My husband left me when I was 16 weeks pregnant, I am now 25 weeks. I am so hurt and I had convinced myself that he is not this selfish person and he wants to be a family like he always told me he wanted and that he will reconsider and we will reconcile. He has yet to move any of his belongings out – I have started to pack his stuff and ask for him to pick it up as I pack it. He has only picked up 2 boxes and his clothes. 

I feel I have been very patient with him throughout this process and now my patience is wearing thin. I housed his belongings for 2 months now without him giving me a dime towards any of the expenses. I did not want this separation from him so it hurts to see all of his belongings around the house still (which is why I am trying to remove everything from my sight), it hurts to see his stuff, it hurts me to talk to him and it hurts me to not talk to him.

What I need help with is I have no idea how to talk to him when he calls me. I am so mad at him for putting me through this emotional pain and abandoning me so I must go through this pregnancy (that we planned by him asking me if I wanted to make a baby with him) alone. I told him the other night that I hate him for doing this to me. However in the same conversation I also told him that I love him. 

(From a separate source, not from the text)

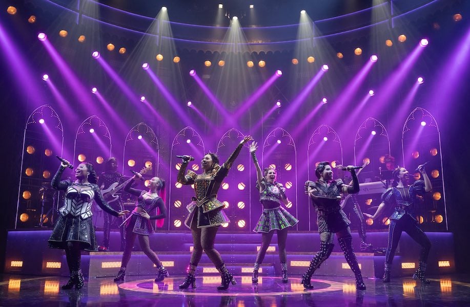 The production is also exceptional for other design elements. Gabriella Slade’s costumes perfectly outfitted each ex-wife specific to her story and attitude and enhanced the story each told about themselves. While each of them had a rock star look, each rhinestone, bustier, jacket, miniskirt, or over-the-knee boots sold that queen’s story. Each costume detail amplified it, such as the chokers worn by the beheaded queens. I also loved the hip holsters where the queens stashed their microphones. Practical genius.

How do I remain civil towards him throughout this process when I have such strong feelings of resentment towards him and love him at the same time??


----------



## colour-me-confused (Sep 15, 2010)

It might be best if you try to limit how often you communicate with him for a while. when my ex and i split up i limited our conversations so that they were only about our son or sorting out property. I figured that since he had made it very clear that we would not reconcile there was no point in rehashing our relationship. By limiting our conversations i am making progress at putting him into a new "box". I talk to him as my childs father and not as the husband he once was (or wasn't). And, I told myself frequently that he gave me my baby .... and so he truly gave me the greatest gift ever. It made me resent him a little less. 
And it is okay to resent the guy. Do not feel bad about it. You are grieving for your marriage and anger and resentment are part of the process. 
As for his stuff ... I had this same problem. It drove me mental seeing his stuff all over my house. Since he took his clothes you two are obviously agreed that you are staying where you are? Tell him firmly that you need him to pick up his stuff by a certain date. Be honest and tell him that having his stuff there is making it impossible for you to adjust. If he has no place to take it yet, search around for a cheap storage place and present it to him in a manner that suggests you are just helping him out  Then re-organize and make it YOURS! You'll feel a lot better when it starts being your home and not both of yours.


----------



## lost&alone (Sep 13, 2010)

I have given up on being civil. He’s a selfish jerk and I am done with it. I am sad it went this way to some extent. But I will no longer put up with his shenanigans. I have a baby to nurture and have no time for his games. The house is mine. He had to get an apartment which is why I want his stuff out. However I quit asking him to come pick his stuff up as I am sick of listening to his lame excuses for not getting it. It’s in the basement storage – out of sight out of mind. I have reorganized and continue to make the house my own.


----------



## lovelieswithin (Apr 29, 2010)

He is likely leaving crap there because he himself cant completely let go of the relationship yet. He is more than likely testing waters outside before jumping. If his belongings are causing you anguish then I would dump the responsibility on his family like parents or siblings? that way theyll be safely stored and out of your life. Its super unfair that he bounced on you like that and it makes me sad that someone could be so selfish without even trying to attempt ways to make it work. I hope you find strength and courage - and eventually are able to trust and love someone that really deserves you.
_Posted via Mobile Device_


----------



## lost&alone (Sep 13, 2010)

lovelieswithin - I think you are very right that he is testing waters with another women that he has had an EA with and now continues to hang out with. He has no family here so I cannot pass his stuff onto someone else. Wish he did so I could. 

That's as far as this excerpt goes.